Equinor Q1 earnings beat expectations, but Empire Wind risks weigh on outlook

Published 30/04/2025, 08:10
© Reuters

Investing.com -- Equinor (OL:EQNR) on Wednesday reported first-quarter adjusted operating income of $8.65 billion, narrowly beating expectations on strong gas prices and steady operations, though adjusted net income missed consensus amid higher tax charges and weaker trading results in its marketing division.

The Norwegian energy company posted net operating income of $8.87 billion and net income of $2.63 billion. 

Adjusted net income came in at $1.79 billion, below consensus estimates of $2.2 billion, while adjusted earnings per share were $0.66.

Equity production for the quarter totaled 2.12 million barrels of oil equivalent per day, down from 2.16 million a year earlier. 

The decrease was primarily attributed to a shutdown at Sleipner B following a fire in late 2024, as well as planned and unplanned maintenance at Hammerfest LNG.

In the United States, output rose year over year due to increased production and higher ownership stakes in onshore gas assets acquired in 2024.

The realized European gas price for the quarter was $14.80 per million British thermal units, while the average liquids price was $70.60 per barrel.

Cash flow from operating activities before tax payments and working capital adjustments was $10.6 billion. 

After paying $3.09 billion in Norwegian petroleum taxes, cash flow from operations stood at $7.39 billion, in line with consensus. 

Equinor’s net debt excluding leases fell to $3.4 billion, resulting in a net debt-to-capital employed ratio of 6.9%, down from 11.9% at the end of the previous quarter.

Organic capital expenditure was $3.02 billion in the quarter, with total capital spending reported at $4.5 billion. Capex guidance for the full year remains unchanged at $13 billion.

Equinor launched production at the Johan Castberg field in the Barents Sea on March 31, a project expected to generate long-term returns. 

The Halten East development in the Norwegian Sea also began production, with estimated recoverable reserves of 100 million barrels of oil equivalent and a one-year payback period.

On the carbon front, Equinor and its partners Shell and TotalEnergies (EPA:TTEF) approved the second phase of the Northern Lights carbon transport and storage project in Norway, increasing injection capacity from 1.5 million to at least 5 million metric tons annually.

Following the end of the quarter, Equinor received a halt-work order from U.S. authorities for its Empire Wind project. 

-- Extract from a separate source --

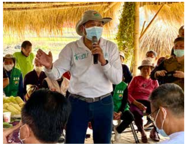
陳村長主持社區活動

The company is reviewing legal options, with total exposure estimated between $1.5 billion and $2 billion.

The board declared a cash dividend of $0.37 per share for the quarter. The company maintained its 2025 capital distribution target of $9 billion, including up to $5 billion in share repurchases. 

A second tranche of the buyback program, up to $1.265 billion, is planned to begin following the annual general meeting on May 14. The first tranche, totaling $1.2 billion, was completed in March.

Production guidance and capital expenditure targets for the year remain unchanged. Equinor continues to forecast 4% production growth in 2025 compared to last year, with maintenance expected to temporarily reduce volumes by around 30,000 barrels per day.